Alison Carnwath, Chairman of commercial property and investment company Land Securities Group, says: “In 2010, we took a gamble to start our big development programme in London. There were commentators at the time who said we were taking a very risky view on life... but we calculated financially, and in the context of the property cycle, that we were doing the right things... and we’re seeing the payoffs now.”

What risk cannot be is purely a box-ticking exercise. Barbara Moorhouse, Non-executive Director of the Lending Standards Board, comments: “As directors we have very well developed models for good governance, internal controls, and risk management. Professional services firms in the UK – accounting and legal – would rightly see themselves as setting high standards by international comparisons. While this may help the balance of the UK’s ‘invisible trade’, it may increase the focus on governance issues disproportionately."

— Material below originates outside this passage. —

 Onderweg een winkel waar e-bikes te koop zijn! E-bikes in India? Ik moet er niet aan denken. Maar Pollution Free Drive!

Board directors must have the time to think strategically. Allan Cook, Chairman of engineering consultancy Atkins, says: “The balance between risk and strategy, and taking full advantage of opportunities that exist, is down to the quality of the leadership in the company. It’s in the balance that you have between the executive and non-executive directors.”

A system should be in place whereby directors aren’t overloaded with information. “Boards need to focus on the big risks and make sure that they are properly considered, debated and addressed,” says Andrew Allner, Non-executive Chairman of public transport concern Go-Ahead Group. “You can end up with an incredibly long list which is not particularly helpful, and there’s a lot of stuff that, really, shouldn’t take up the time of directors.”

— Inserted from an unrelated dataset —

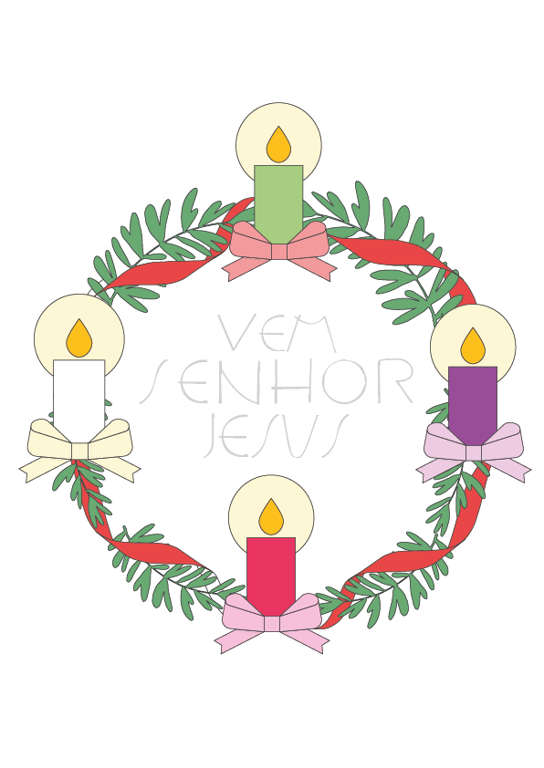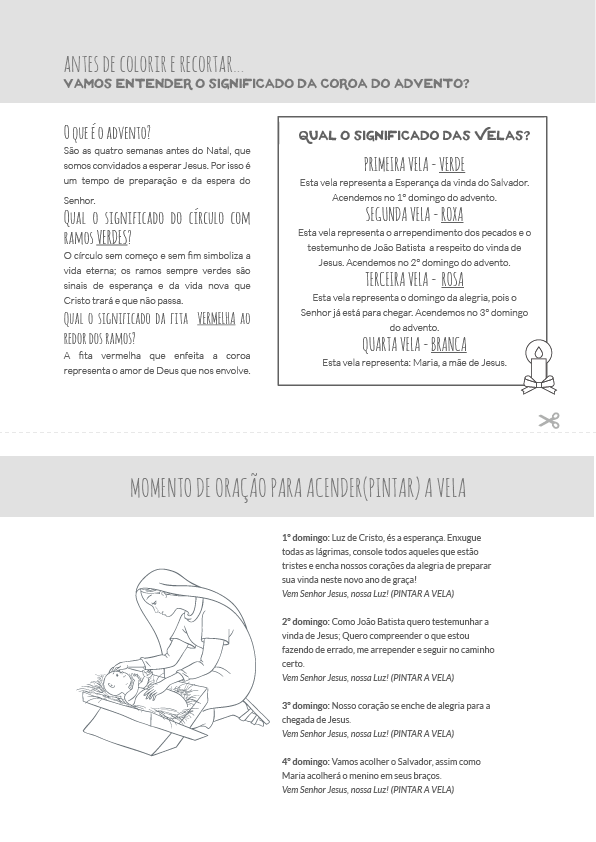 É possível fazer o download colorido ou em preto e branco para colorir, um molde com as marcações, além de uma breve explicação sobre o significado da coroa e uma indicação de momento de oração ao acender cada vela.

Peter Shore, Chairman of telecoms concern Arqiva, comments: “We have developed a risk matrix... [whereby] only the top ten risk items come up through the business to the main board... If they aren’t realistic or actionable, or it isn’t a material performance risk, they don’t actually make it onto our risk register.”

For chief risk officers (CROs), internal auditors and chief finance officers, this is posing some interesting questions about how to manage data, the general flow of information and what should be communicated to risk committees. Sue Kean, CRO at financial conglomerate Old Mutual, explains that while wide-ranging monitoring reports and trend analysis are conducted and examined, only identified trends or exceptions are passed up to the board.

Across an organisation, there has to be an embedded sense of accountability and openness. Judith Nicol, Director at executive and non-executive recruitment specialist Warren Partners, comments: “You have to make sure there are internal processes to measure and monitor known areas of risk. But perhaps the more difficult thing for boards is to ensure they have a culture and a system in place to allow issues of concern to be surfaced that may not even be on their radar.”

Getting this right is easier said than done, especially for global entities. Peter says, “If you're across a whole range of countries I think [the question of risk management]… is increased, because the probability of something going wrong in those countries is increased...

“Rather than tight central controls, you've got to find a way to distribute some of the decision-making authority and risk assessment. That then has to take account of different cultural and business practices and markets, regulatory risk and the whole swathe of things that you have to deal with. It's just bigger and more complex.”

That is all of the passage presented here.